Came on this little gem on ebay this morning. Chuckle. One for all those who think cross-dressing is something frightfully modern :-)

This is Scottish 'dame comedian' Harry Josephs in the role of Dame Hatley in the burlesque of Black-Eyed Susan, possibly at Lina Edwin's Theater (12 September 1870). Miss Edwin of course played Susan and Stuart Robson was Captain Crosstree.

However, Josephs played this role frequently, in America and originally in Britain, and this may be another production.

[William] Henry Josephs was born in Greenock 11 June 1845, a child of W H Josephs, theatre manager. It was an ill-fated family. His sisters Fanny (France Adeline) Josephs (1843-1890) and Patti (Eliza Stuart Patti) Josephs (1849-1876) both became popular as actresses on both sides of the Atlantic, and both had premature deaths. Harry did not escape the rule. He died of a heart attack in Boston on 5 September 1880, barely 35 years of age.

He began his career as Dick Whittington's cat and Harlequin in pantomime in 1864, played with the Morton Price/Catherine Lucette company, with whom he first played Dame Hatley at Sadler's Wells in 1865, and at the Liverpool Prince of Wales, before crossing to America's Selwyn Theatre where he established himself as a comic actor before taking on the role of Barbara Badger in The Spirit of Seventy-Six.

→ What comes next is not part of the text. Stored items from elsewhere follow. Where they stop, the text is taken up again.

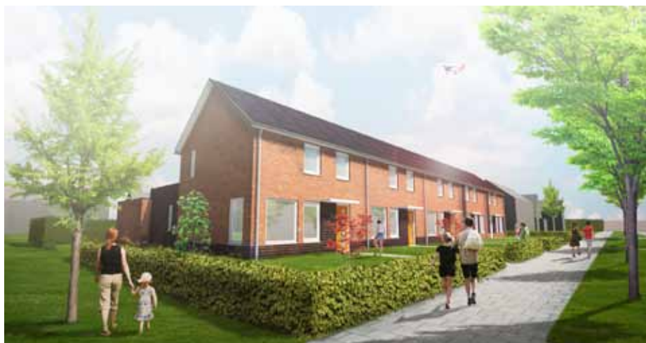
Impressie van de nieuwbouw in Musselkanaal

Met de nieuwbouw op deze locatie wordt de oorspronkelijke lintbebouwing van Musselkanaal versterkt. De bouw start in september 2017 en zal naar verwachting eind 2017 klaar zijn. Deze woningen worden circa 82 m 2 groot en krijgen een huurprijs van maximaal € 525,- per maand.
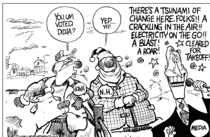
Fig. 1: Voorbeeld van de categorie 'Politieke gemeenplaatsen' – Mike Lane 08/01/2008

Een vierde van de cartoons had als thema een politieke gemeenplaats. Hieronder ressorteren verschillende onderwerpen: het politieke proces, buitenlandse relaties, ect. Aangezien alleen cartoons gecodeerd zijn die rond de campagne draaien, hebben de meeste cartoons in deze categorie het electoriaal 'framework' als onderwerp. Vooral commentaar op het verkiezingsproces en alles wat daar rond hangt, komt frequent voor. Bijvoorbeeld commentaar op de media, de strategie van de kandidaten, enz.
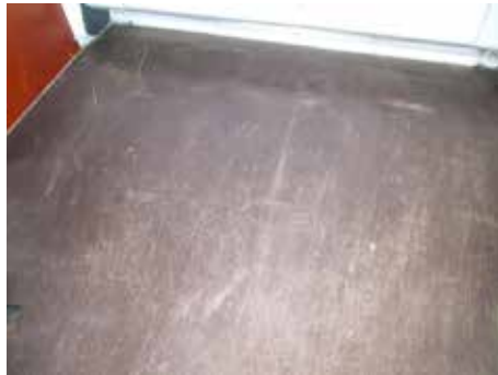
Acceptabel (lichte krasschade)
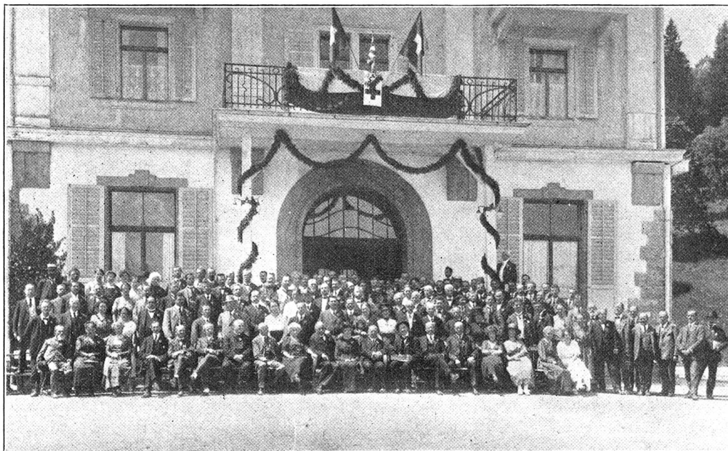
Delegierte und Gäfte des Schweizerischen Roten Kreuzes vor dem «Grand Hotel Braunwald»

„Nur ungern trennten sich die Rotkreuzler von dem wunderschönen Fleck Erde“, schreibt der Berichtersteller des „Näfelser Volks-
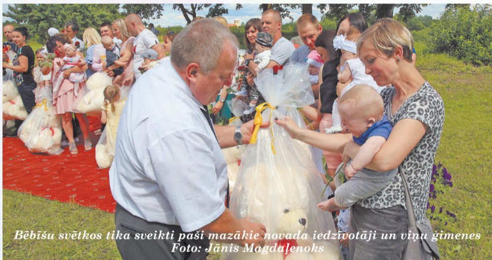
Bēbišu svētkos tika sveikti paši mazākie novada iedzīvotāji un viņu ģimenes
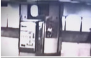
November 2016 Frontal 21 vom 8. November wurde in einem Beitrag z. B. über die der Straßen berichtet. Dabei wurden in einer Grafik fälschlicherweise Schlagern auf U-Bahnsteigen gezeigt, die nicht in diesem Zusammenhang steht sich dabei nicht um fremdenfeindliche Übergriffe, sondern um figurationsübergreifend.
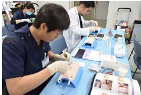
豚真皮による 埋没縫合トレーニング
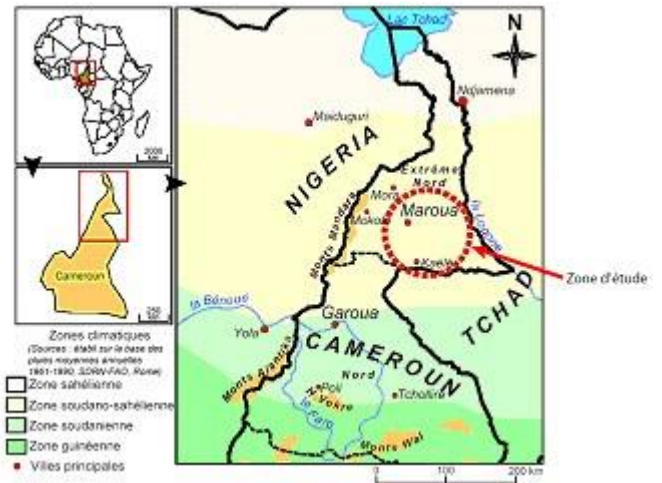
Figure 2. Localisation de la zone d'étude

(Bernard, 1999). Mais, dans tous les cas, l'espèce d'arbre n'était conservée que si son association avec les cultures était favorable ou peu gênante. Par exemple, le Faidherbia albida , qui perd son feuillage en saison des pluies, peut être associé à plusieurs cultures qui se développent pendant cette saison, telles que les sorghos à cycle court, mais pas avec les sorghos à cycle long ou à cycle inversé, qui fructifient pendant que l'arbre a repris son feuillage et ombrage les cultures.
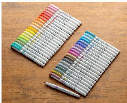
△マイルドライナー全40色

※ゼブラ調べによる「#マイルドライナー」と「#mildliner」の検索結果の合計数（2024年12月現在）
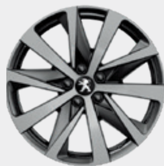
HIRONE 18" | חישוק סגסוגת PREMIUM | סטנדרט לדגמי
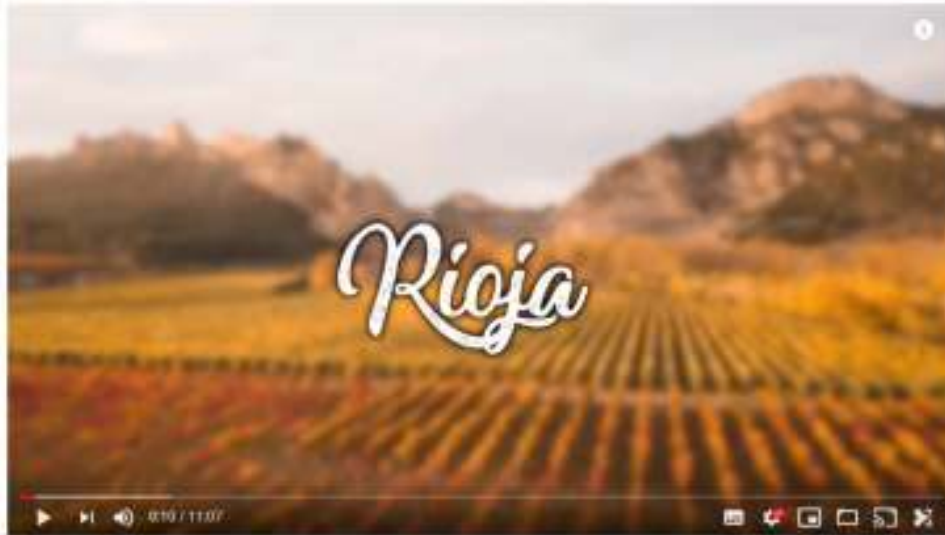
RIOJA La región del vino en cuevas

Desde la incorporación de Carlos Sarralde , Guías Viajar realiza vídeos con un moderno estilo de realización, enfocados a su publicación en YouTube y otras redes sociales
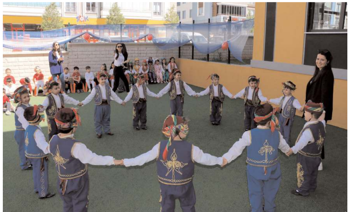
Öğrenciler yaptıkları gösterilerle ailelerinden bol bol alkış aldılar.
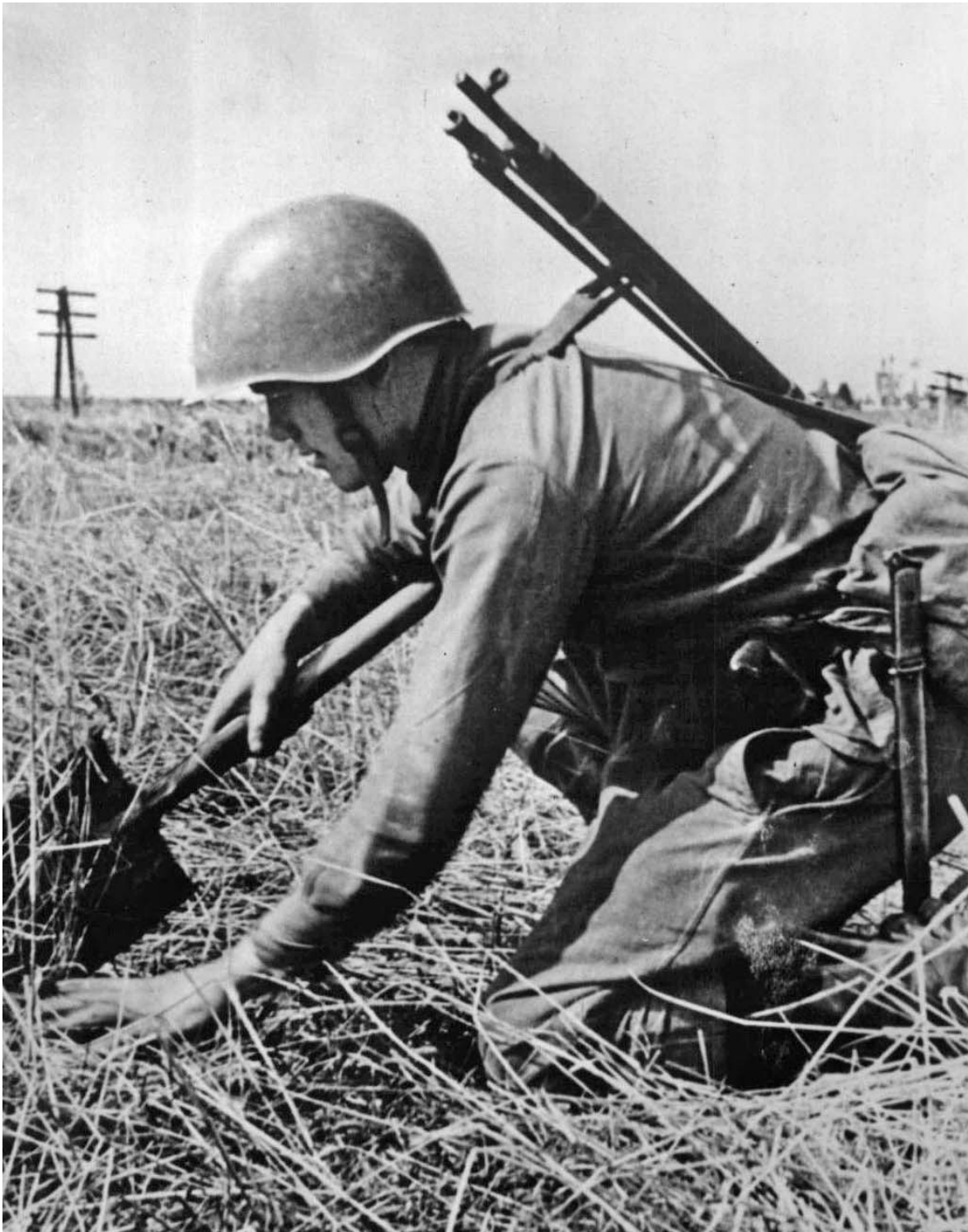
Красноармеец-сапер устанавливает мину
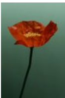
Island-Mohn - Papaver nudicaule L.
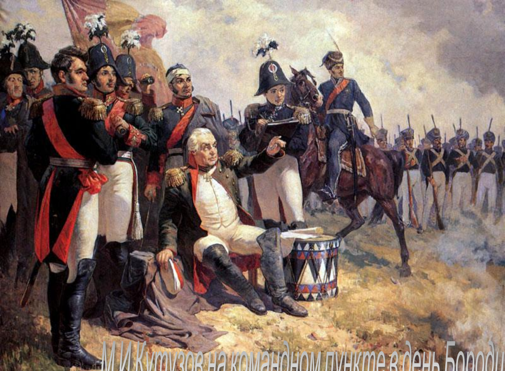
М.И.Кутузов на командном пункте в день Бородин
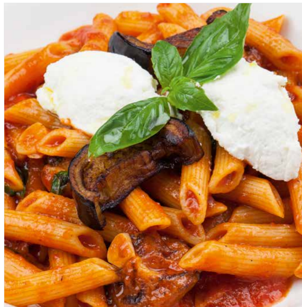
ПЕННЕ С БАКЛАЖАНОМ И РИКОТТОЙ Penne with eggplant and ricotta 直通粉, 茄子, 里科塔奶酪
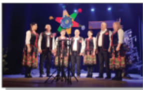
Zespół "Czeremcha" w Modliborzycach

When a Paul Pry burlesque was mounted, he was 'Nancy Rouse' ('one of his quaint pictures of femalke eccentricities'). He rejoined the Price/Lucette troupe at the Park Theatre, and then Lina Edwin's (Lisa in Sonnambula burlesque, Thames Darrell in Little Jack Sheppard) and played with Lisa Weber's burlesque company -- Azucena in Ill Treated Trovatore, Clorinda in Cinderella. When Evangeline became popular, Harry found another congenial dame role in the part of Catherine.

His dame Hatley seems from this photo to have become a little more refined and Danny-La-Rue-ish than the original eccentric comic version of E J Odell.